Moreover, the frequency with which the priority receiver 202
receives packets from any one of the posted RAM 216, the non-posted
RAM 218, or the completion RAM 220 determines the relative
bandwidth accorded to each of the packet streams represented by the
three different packet types.
[0018] The order in which the packets 210, 212, or 214 are received
from the memory 204 is determined, in part, by the priority
assigned to each packet type. It will be appreciated that if the
PCIe interface 104 does not process packets in a suitable order, it
may be possible, in some cases, for the host blade 102 to obtain
outdated information in response to a memory read operation.

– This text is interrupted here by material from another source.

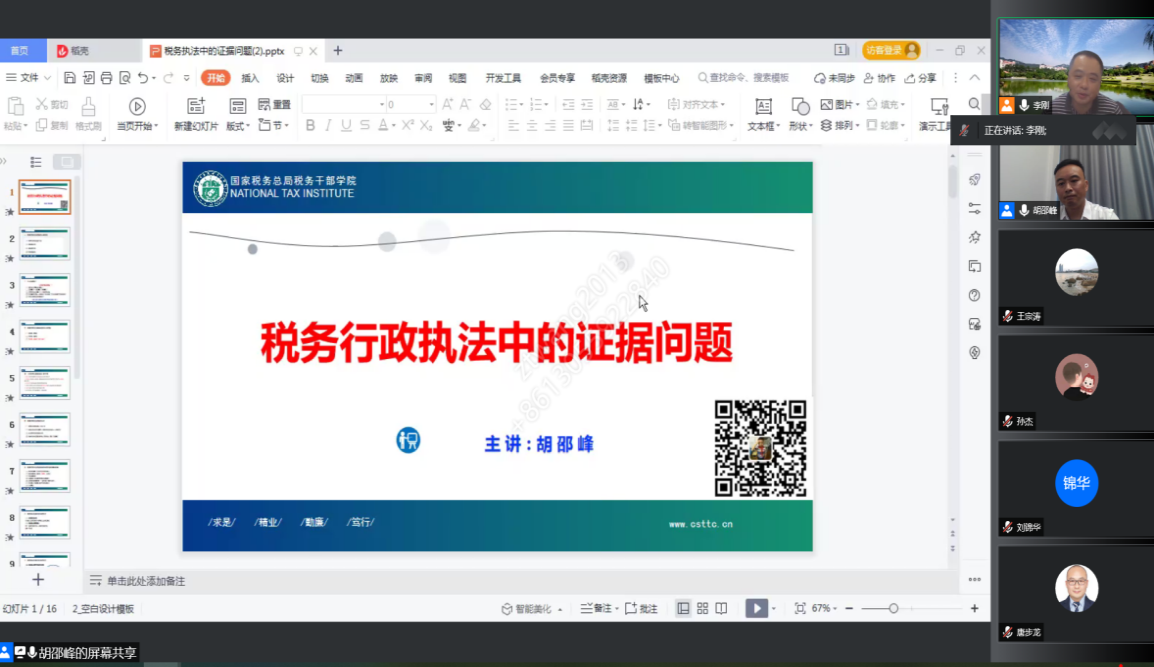 本次讲座由国家税务总局税务干部学院(长沙)税法教研部胡邵峰老师主讲,主题为“税务行政执法中的证据问题”。由厦门大学国际税法与比较税制研究中心副主任李刚老师主持,厦门大学王宗涛老师、mg4355官网郭维真老师、华中科技大学mg4355vip检测中心李貌老师、江西财经大学mg4355vip检测中心聂淼老师和福建勤贤律师事务所吴永安律师与谈。来自我校和厦门大学、mg4355vip检测中心、华中科技大学、江西财经大学的硕士、博士生以及来自税务机关、涉税中介结构、企事业单位等实务界人士累计百余人参加,包括北京金杜(上海)律师事务所叶永青律师、上海华赫集团王珲女士、大连海洋大学朱晓丹老师、中南财经政法大学李乔彧老师、江西财经大学余鹏峰老师和厦门大学国际税法与比较税制研究中心副主任朱炎生老师。

In
other words, if the PCIe interface 104 sends a later-arriving read
operation (non-posted packet) to the NIC 106 before an
earlier-arriving write operation (posted packet) directed to the
same memory location of the target device, the data returned in
response to the read operation may not be current. To avoid this
situation, embodiments of the present invention assign the highest
priority to posted packets 210 (memory writes). This means that the
priority receiver 202 will receive posted packets 210 from the
posted RAM 216 whenever there are posted packets 210 available in
the posted RAM 216. In other words, non-posted packets 212 and
completion packets 214 will not be received by the priority
receiver 202 unless the posted RAM 216 is empty. Assigning the
highest priority to posted packets 210 in this way avoids the
possible problem of processing a later-arriving read operation
ahead of an earlier-arriving write operation.
[0019] However, one consequence of giving posted packets 210 the
highest priority is that if the host blade 102 provides a steady
stream of posted packets 210 to the PCIe controller 200, the
non-posted packets 212 and completion packets 214 may not be
retrieved and processed by the priority receiver 202 for a
significant amount of time. Failure to process lower-priority
packets in a timely manner may hinder the performance of one of the
devices coupled to the PCIe fabric 100. In some instances, for
example, failure to timely process a completion packet 214 may
result in a completion time-out, in which case the requesting
device may send a duplicate read request. The PCIe standard
provides that a device may initiate a completion time-out within 50
microseconds to 50 milliseconds after sending a read request.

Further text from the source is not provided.